Assumptions and deviations

  • MMTT carbohydrate content (50 g per meal). Bosch 2024 Methods Section 2.5 states “the carbohydrate content of the MMTT meal was extracted from the ingredients list and imputed as the meal-dose amount” but does not give the numeric value. The simulations above use 50 g glucose per MMTT bottle (Ensure Plus(R) 8 fl oz typical carbohydrate label value) and 50 g glucose per standard meal in Validation 4. The qualitative dose-response shape (plateau at ~200 ug for dual agonism, continued decrease for GLP-1- only) is robust to the meal-size assumption; absolute percent-change values are not.
  • Cotadutide molecular weight (4549 g/mol). Used to convert microgram doses to picomole doses for the depot compartment. The MEDI0382 sequence is published in Henderson 2016 (cited in Bosch 2024); the MW is not reproduced in Bosch 2024 itself.
  • No IIV encoded. Bosch 2024 fits the model as a sequential PD analysis where individual cotadutide PK profiles are pre-computed from the empirical Bayes estimates (CL, VC, KA) of the upstream Guan 2022 popPK model, and individual glucose baselines are taken from the observed data. The published Bosch 2024 Table 3 reports only fixed-effect typical values and proportional residual errors; no random-effect variance components are tabulated. The supplement S12 mrgSolve code contains a single active eta on insulin-dependent glucose clearance CLglci, but the omega value is not reported in the on-disk paper or supplement, so it is not encoded here.
  • Healthy-volunteer parameter set not encoded. The supplement S12 code includes a PAT == 1 branch with healthy-volunteer values for CLglc (5.36 L/h), CLglci (0.072 (L/h)/(pmol/L)), POW_2L (0.327), POW_3 (0.286) and GIPINS (1) used in the Bosch 2022 development cohort. The Bosch 2024 MAD/Ph2a cohort is entirely T2DM so this packaged model uses the T2DM defaults; the HV alternatives appear in source-trace comments in the model file so a user simulating a healthy-volunteer counterfactual can modify the relevant ini() lines.
  • T2DM hypoglycaemic-glucagon counter-regulation absent. Bosch 2022 Table S2 and the supplement S12 code switch the glucose-on-glucagon feedback exponent to 0 when plasma glucose falls below baseline in T2DM patients (no hypoglycaemic glucagon counter-regulation); this is implemented in model() as glcglg_pow_eff <- glcglg_powh * (Cglc >= bslglc).

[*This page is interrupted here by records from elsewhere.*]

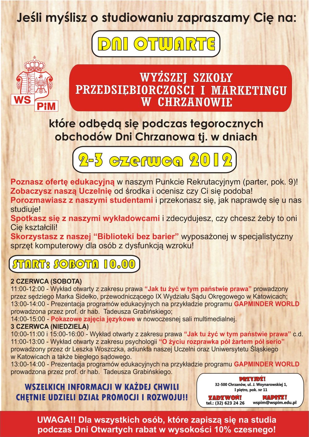 Wyższa Skoła Przedsiębiorczości i Marketingu w Chrzanowie zaprasza na Dni Otwarte - 2-3 czerwca 2012 ...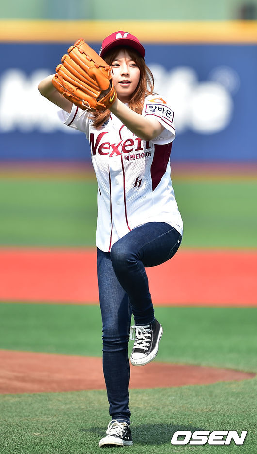 7일 오후 서울 목동구장에서 열린 '2014 한국야쿠르트 세븐 프로야구' 넥센 히어로즈와 롯데 자이언츠 경기, 경기 전 싱어송라이터 주니엘(21)이 승리기원 시구를 하고 있다.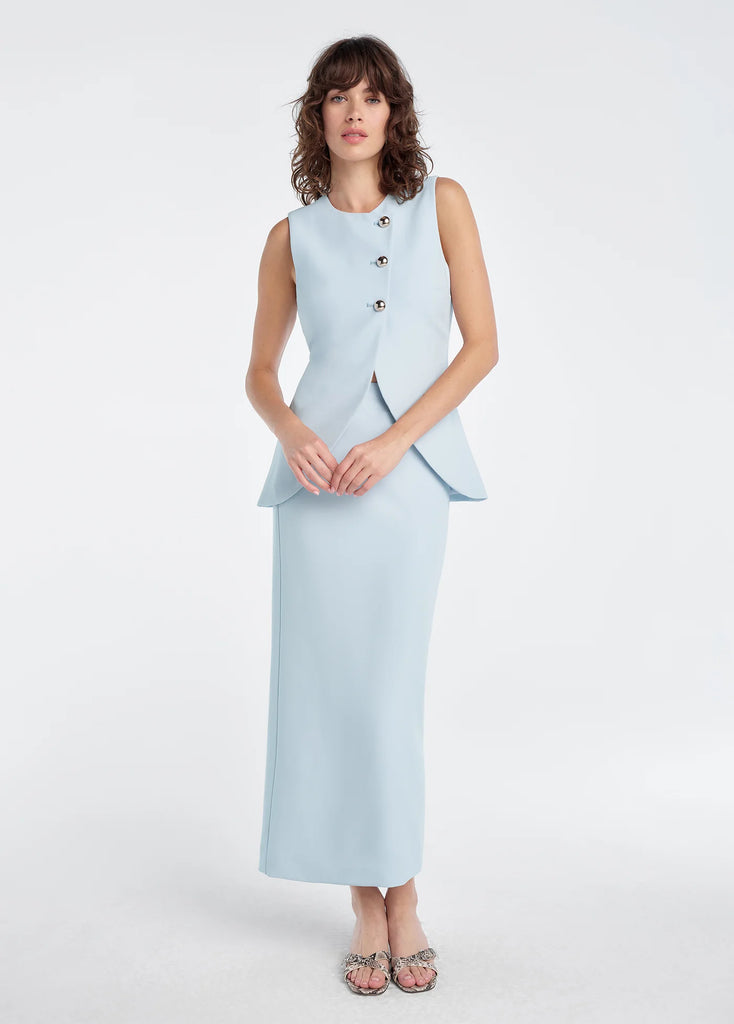 Tailored for spring. The Rachel Skirt is a slim-fit midi in lightweight suiting blend with a side zipper and back vent. Fully lined and hitting at or just above the ankle, it pairs perfectly with The Rachel Vest or Cecilia Tank, both in Sky Blue, for a timeless & chic, tonal set.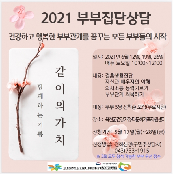 군 관계자는“부부관계 개선이 필요한 부부들에게 집단상담 서비스를 지원함으로써 옥천군 내 가족의 가족건강성 증진을 지원할 수 있도록 최선을 다하겠다”고 전했다.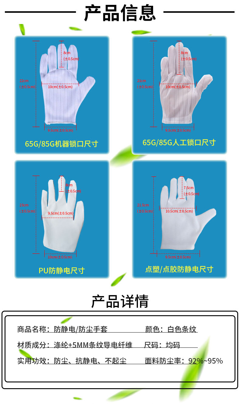 65 г в полоску антистатические перчатки машина замок; 65 г в полоску антистатические перчатки ручной замок; 85 г полосатые антистатические перчатки ручной замок; Утолщенные резиновые антистатические перчатки; Высокое качество клейкие антистатические перчатки удлинение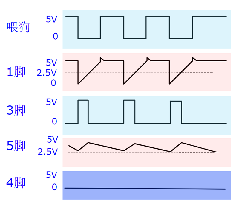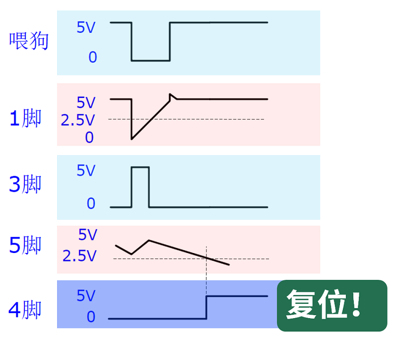 我们需要操作的是在电容C放电至阈值的时间段内给第1引脚一个低电平,也就是喂狗操作,保证第4引脚持续输出低电平,这样就实现了看门狗对电路的监控功能。如图9.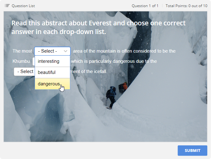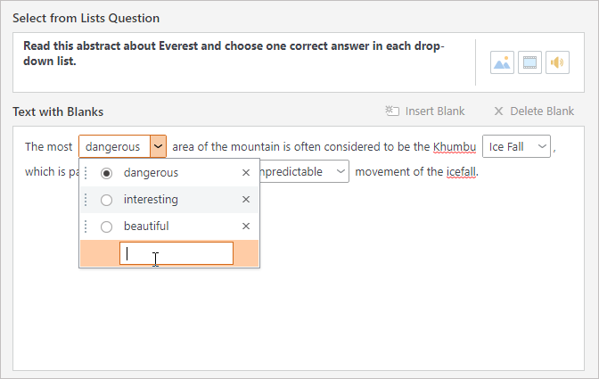 Enter text in the Text with Blanks field and replace some words or phrases with drop-down lists by clicking on the Insert Blank button. You can also use Ctrl + G to add blanks.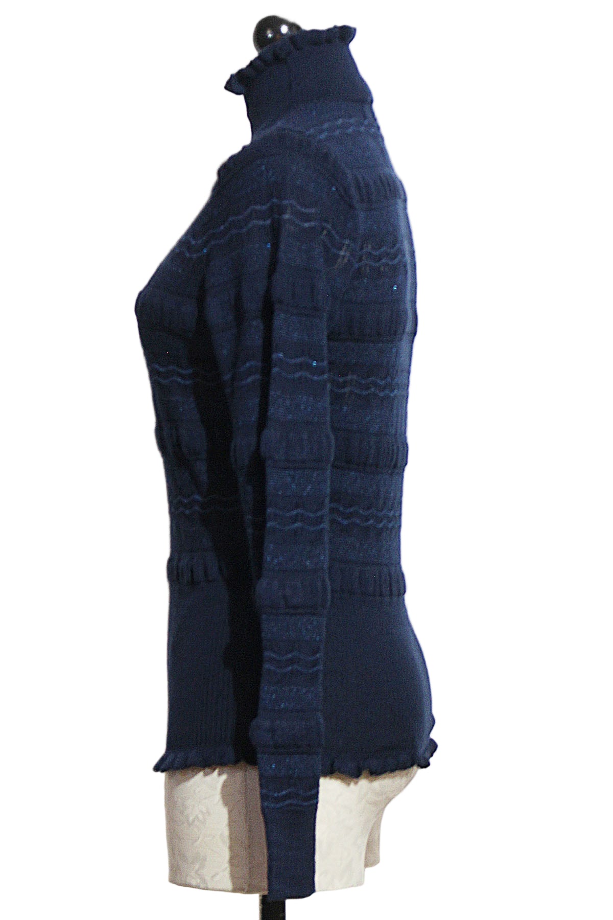The Adison Top by Marie Oliver is your new favorite body-skimming turtleneck in the color Pacific. The delicate striped pointelle knit features an allover folded ruffle turtleneck and a metallic yarn for a subtle shimmer. This navy hue will pair seamlessly with a variety of seasonal separates.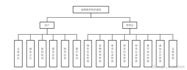 本宠物领养助养系统设计分为两个主要用户角色:普通用户和管理员。以下是对每个角色的功能需求的详细描述。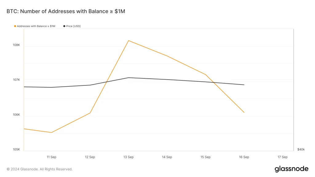 Data from Glassnode shows that Bitcoin whales are selling off ahead of the highly anticipated FOMC meeting. For instance, on September 13, the number of addresses holding over $1 million worth of BTC was 108,163.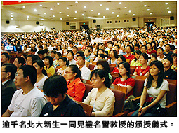 頒授儀式於9月6日的北大新生開學典禮上舉行,由許智宏校長親自頒發證書。逾千名新生在氣氛莊嚴的百周年紀念講堂內,一同見證了這歷史性的一刻。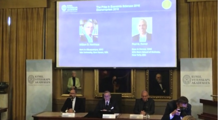ราชวิทยาลัยวิทยาศาสตร์แห่งสวีเดน ซี่งเป็นผู้พิจารณามอบรางวัลโนเบล สาขาเศรษฐศาสตร์ กล่าวในแถลงการณ์ว่า นอร์ดเฮาส์ วัย 77 ปี เป็นศาสตราจารย์ จากมหาวิทยาลัยเยล และโรเมอร์ วัย 62 ปี อดีตหัวหน้านักเศรษฐศาสตร์ของธนาคารโลก ที่ขณะนี้สอนอยู่ที่วิทยาลัยธุรกิจสเติร์น มหาวิทยาลัยนิวยอร์ก การค้นพบของทั้งสองช่วยทำให้ขอบเขตของการวิเคราะห์ทางเศรษฐศาสตร์ขยายวงกว้างออกไปอย่างชัดเจน ด้วยการสร้างรูปแบบที่สามารถอธิบายว่า เศรษฐกิจแบบตลาดมีปฏิสัมพันธ์กับธรรมชาติและความรู้ได้อย่างไร นอร์ดเฮาส์ ได้รับรางวัลในการค้นพบวิธีการผสมผสานการเปลี่ยนแปลงสภาพภูมิอากาศให้เป็นการวิเคราะห์เศรษฐศาสตร์มหภาคในระยะยาว ในขณะที่ โรเมอร์ ได้รางวัลจากการผสมผสานนวัตกรรมทางด้านเทคโนโลยีให้เป็นการวิเคราะห์ทางด้านเศรษฐศาสตร์มหภาค การประกาศรางวัลโนเบลสาขาเศรษฐศาสตร์ในวันนี้ถือเป็นการปิดฉากการประกาศรางวัลโนโบลประจำปี 2018 โดยไม่มีการประกาศผู้รับรางวัลในสาขาวรรณกรรม ที่เลื่อนออกไปเป็นครั้งแรกในรอบ 70 ปี จากกรณีอื้อฉาวที่เชื่อมโยงถึงสามีของคณะกรรมการคัดเลือกรางวัลโนเบลท่านหนึ่งได้กระทำล่วงละเมิดทางเพศ.-สำนักข่าวไทย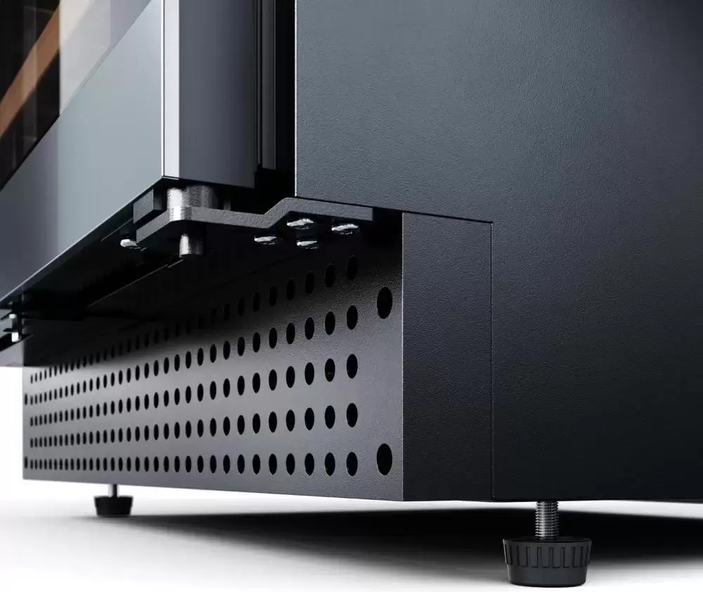 Стеклянная дверь — дополнительный изящный штрих к общему дизайну модели. Специальное покрытие защищает вино от влияния ультрафиолетовых лучей, которые проникают, если шкаф находится в солнечной комнате. Хранение становится еще безопаснее и герметичнее благодаря нескольким слоям стекол. Цвет корпуса — серебристый. Дверь можно перевесить на другую сторону, поэтому вариантов размещения его в доме становится больше.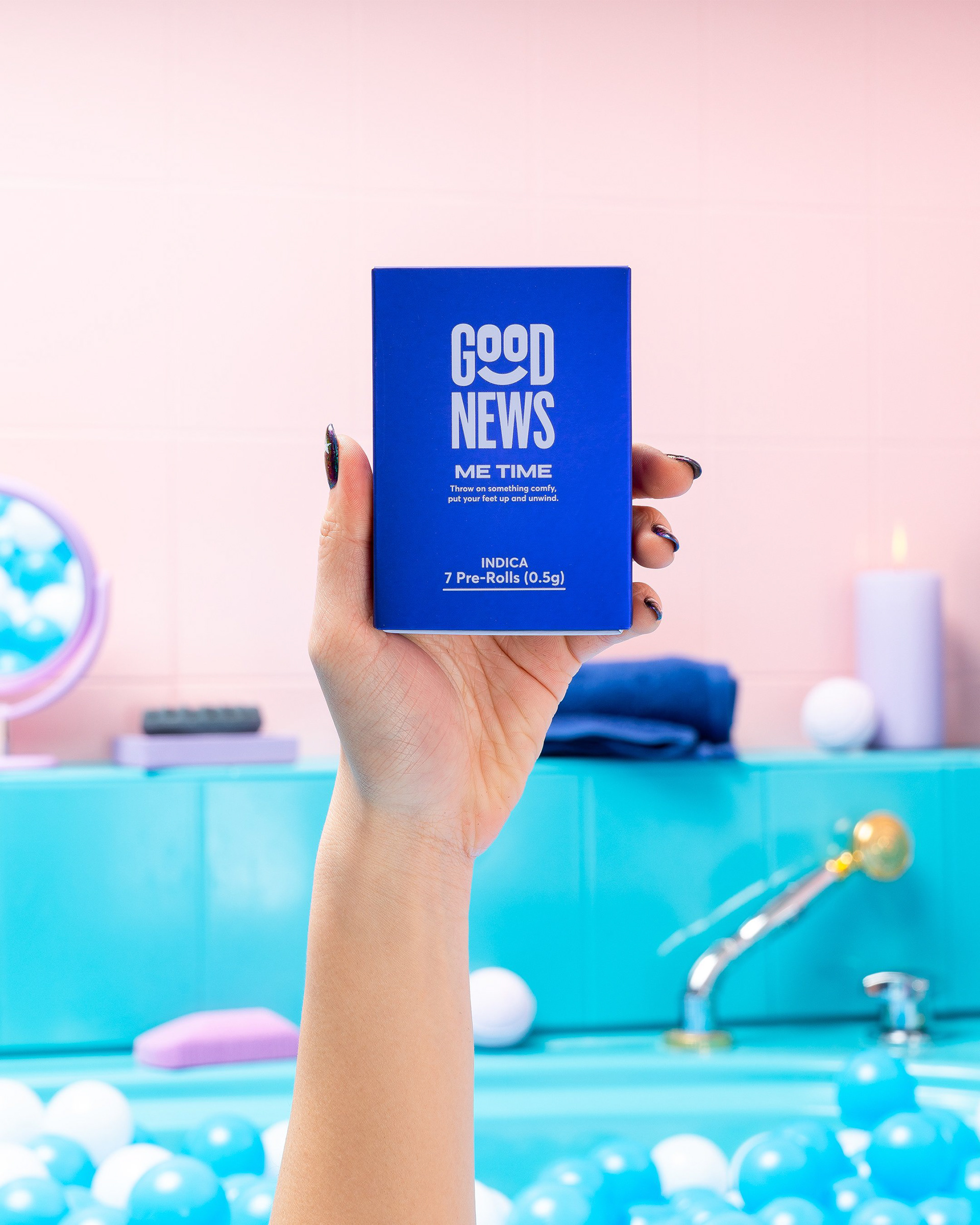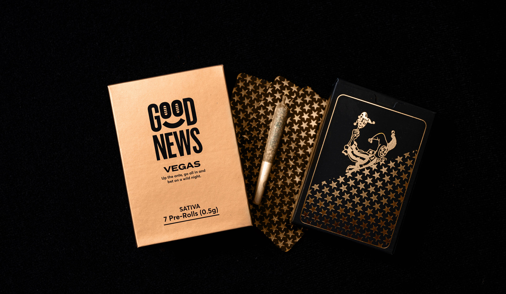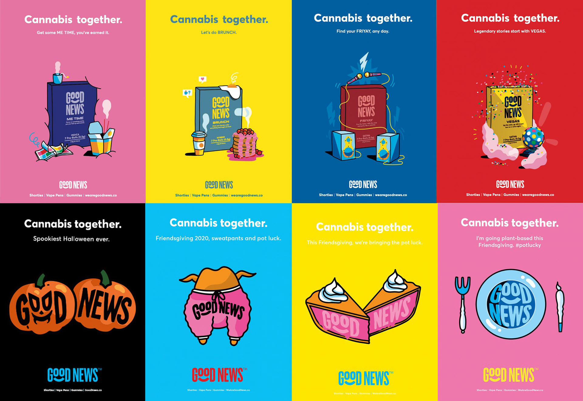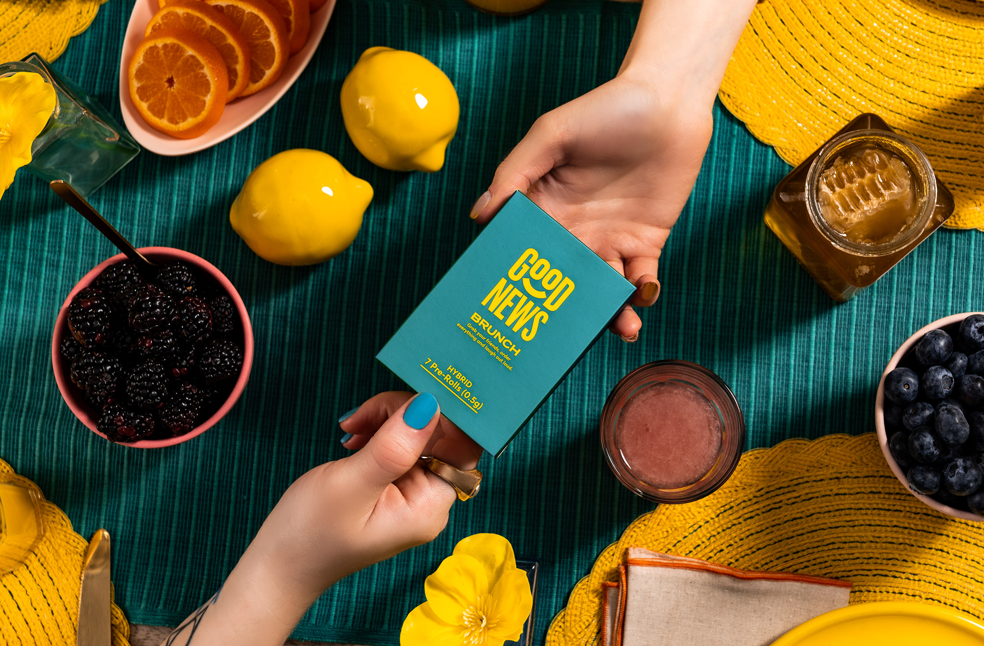 It’s so good. Cannabis is recreational. That means we’re allowed to have some fun with it. Good News celebrates the recreational side of weed with every aspect of the brand. The smiling logo speaks for itself – a motif that extends across the brand, with eyes that change to show what type of high each product provides. Derived from Flama typeface, the custom wordmark is playful and bold, bubbly but professional. Unlike brands that work to educate consumers, Good News knows you already know, and just wants you to have some fun with it. With product names like ‘Friyay,’ ‘Me Time,’ ‘Brunch,’ and ‘Vegas,’ the product hierarchy is all about the good time you’re about to have. It’s a brand built around a smile. Life is hard enough – we could all use some good news to cheer us up. Good News was a 2020 Clio Cannabis Brand + Identity winner for Bright Side of Cannabis.

  • GIP-on-insulin effect absent in T2DM. The supplement S12 code fixes GIPINS (the GIP-on-insulin scaler) and POW_3 (the corresponding power exponent) at 0 for T2DM patients; the model file hard-codes gipins_s <- 0 / gipins_s0 <- 0 accordingly. The HV alternative (GIPINS = 1, POW_3 = 0.286) is documented in the model file’s ini() comment for lpow_4.
  • Eq 2 lifestyle effect denominator sign. The published Eq 2 in Bosch 2024 Methods Section 2.5 has (Kred - Klsc) in the denominator; with Kred = 0.0164 and Klsc = 10 the denominator is large negative. The formula reproduces the expected behaviour (FPG drops then slowly recovers); see Validation 2.
  • Lifestyle-rate units. Bosch 2024 Table 3 lists Klsc and Kred with the column header (h-1) but the paper text in Section 3.1 reports Kred = 0.0164 d^-1 with half-life 45 days; the supplement S12 code converts simulation time to days inside the lifestyle-effect formula (TIMEd = T / 24). The model file uses 1/day for Klsc and Kred and converts internally, matching the supplement code.
  • Upstream PK and 4GI sources not on disk. The cotadutide PK structure and individual EBE inputs are fixed from Guan et al. 2022 (cited in Bosch 2024 Methods Section 2.3) which is not on disk in this worktree; the typical values (KA = 0.343 1/h, CL = 1.04 L/h, V = 18.7 L) are taken from the on-disk supplement S12 $PK block defaults. The 4GI system parameters are fixed from Bosch et al. 2022 (also cited in Bosch 2024 Methods Section 2.3) which is not on disk in this worktree; the numeric values are taken from the on-disk supplement Tables S1 and S2 and the supplement S12 $THETA block.